Get two rods that you aren't affraid to break or get dirty, try one t one depth, one at another. As soon as you start getting hits, set the other one at that depth. Walleye on the red and its tribs (wild rice, sheyenne, maple river, buffalo river) are usually caught around 4 feet of water, not very deep. Look for rocks, bends, damns, deep spots,, etc.

If you are good at casting cranks, you have a better chance of getting the larger fish, but a LOT better chance of losing your hook. If you fish an area enough, you will know all the holes, all the rocks, all the snags, and it will become more fun than sitting and waiting.

There are SO many spots in which you can catch walleye near fargo it isn't even funny. I had to take my brother out to prove to him you don't need a 40K boat and travel 200 miles to get great walleye. FYI, a lot of people beleive the next state record walleye is going to come out of the red, and I beleive it.

Best part, I litterally had a change of clothes at work, went straight to my spot, fished for about an hour and a half, no bait, just tossin jigs and this was the result.

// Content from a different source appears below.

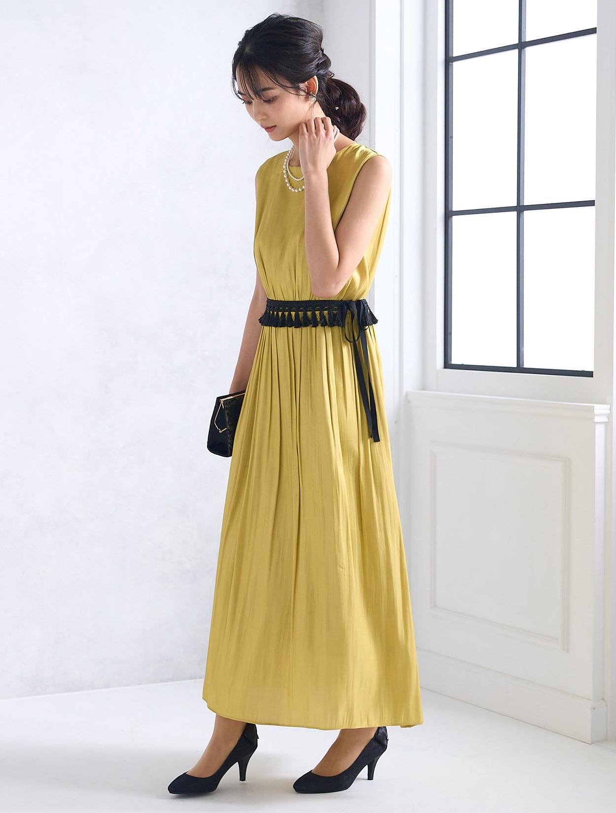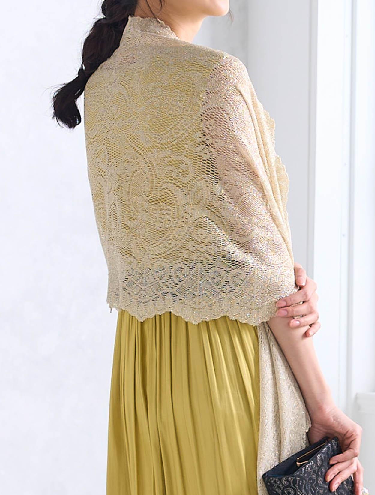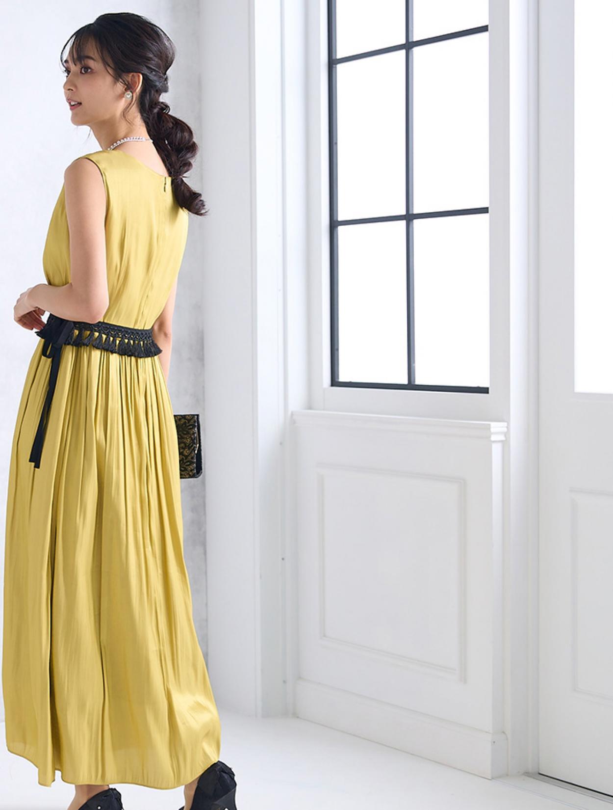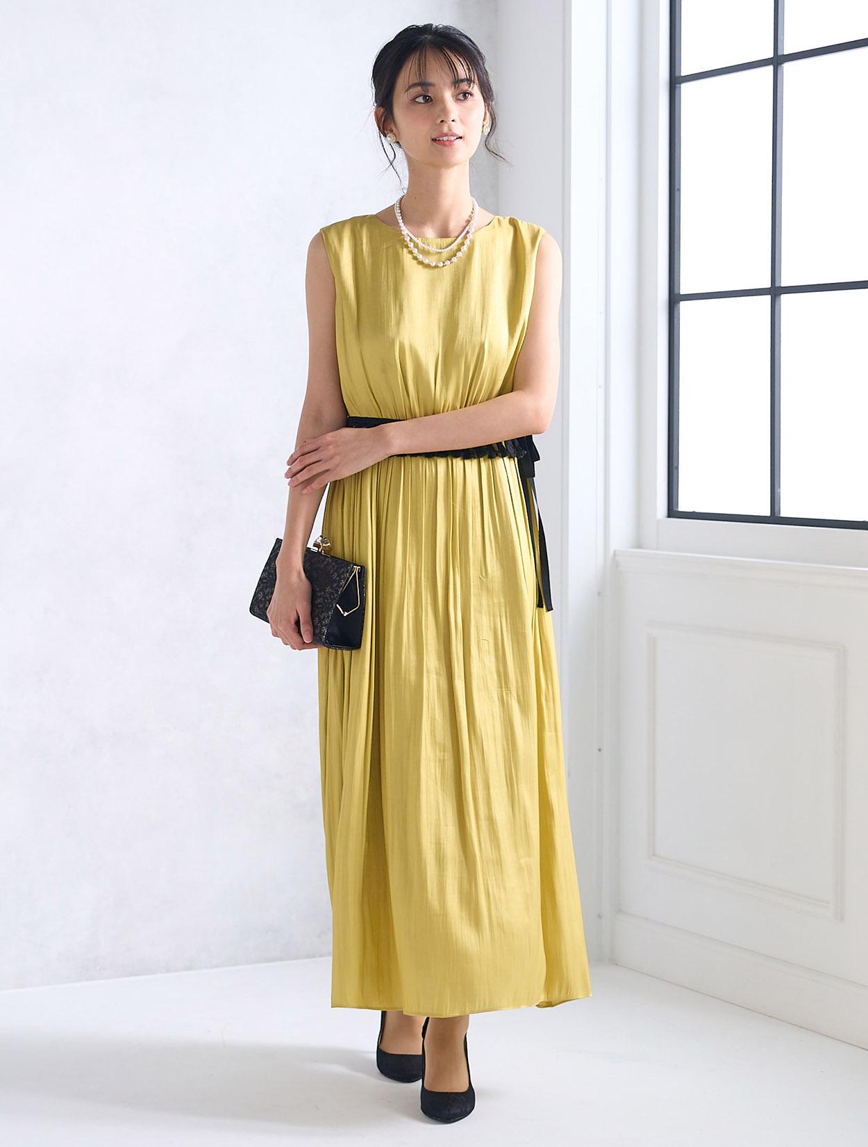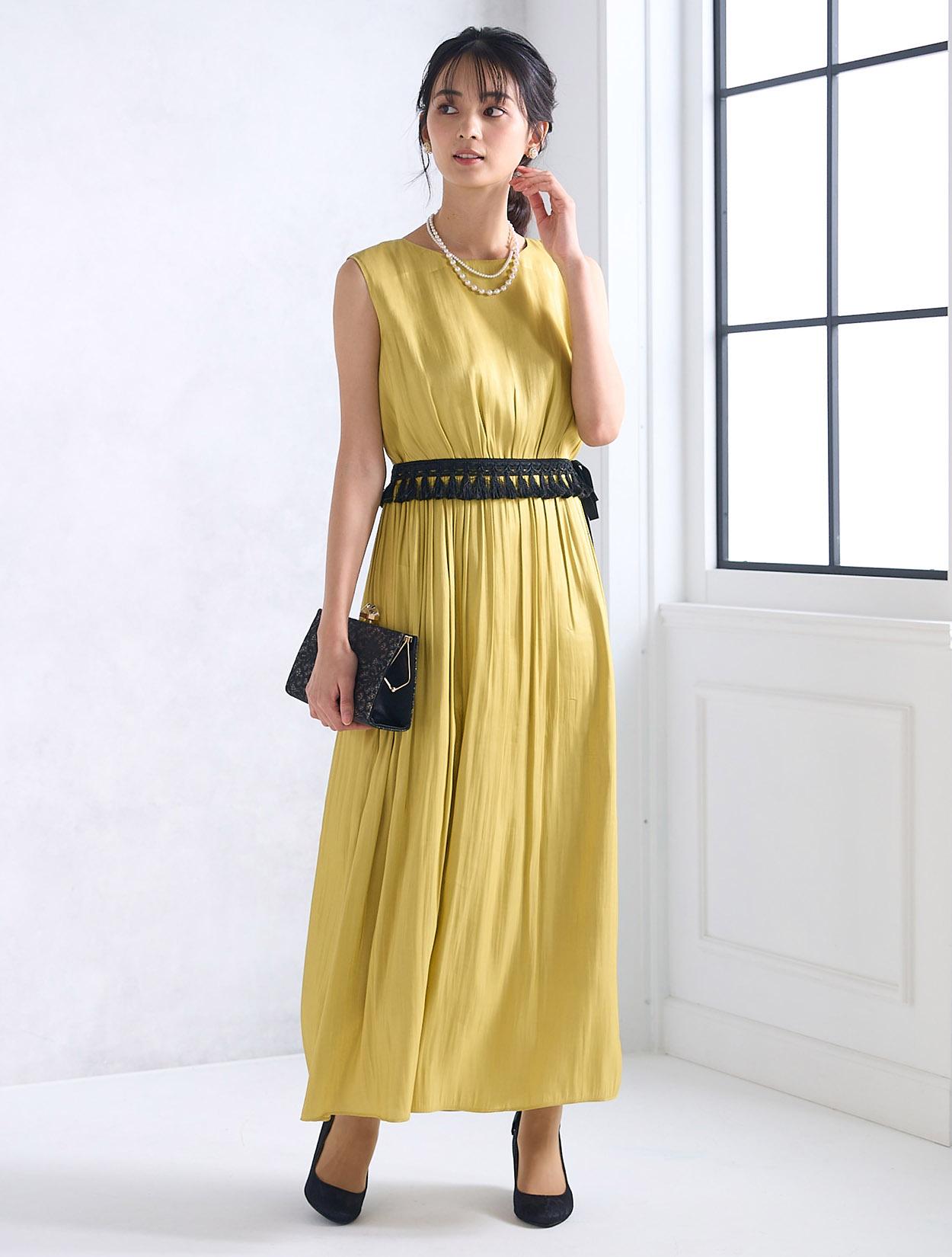 華やかなイエロードレスにゴールドのラメショールでさらにパーティー感アップ!ブラックのバッグでメリハリを出した甘辛MIXコーディネートです。
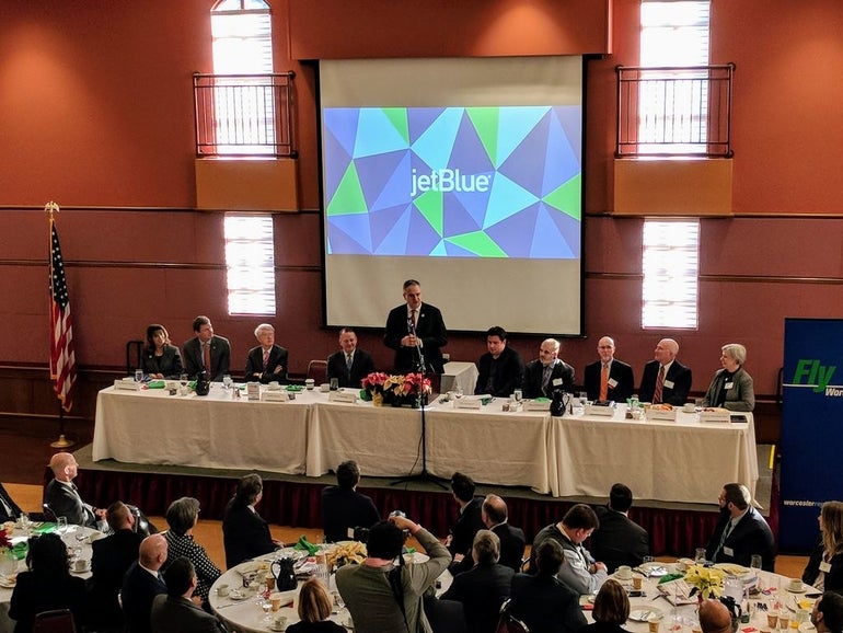 Hayes recalled the celebration put on by Worcester Regional Airport when jetBlue announced its first Worcester flights in 2013, complete with a marching band and honor guard. He called the Massachusetts Port Authority, which owns and operates the airport, a great partner.

Not a mile or more from where I live.


----------



## Southwest Fisher

There are a lot of spillways/junctions in or around town, try those, although you may have to compete with a crowd. Of course, this weekend being MN opener, the local rivers should have a lot less pressure. Like ND said, be prepared for snags, though, and don't use expensive cranks until you've jigged an area pretty hard first. Right now Lindy Rigs seem to be the trick, we'll see what post-spawn offers us. Also, Lindenwood park has a lot of good shore access, try the bends and eddies.


----------



## Bagman

Went out last week and could only manage several small bullies and a carp which went approx. 10 lbs. I must have missed the big eye bite during the spawn. :roll:


----------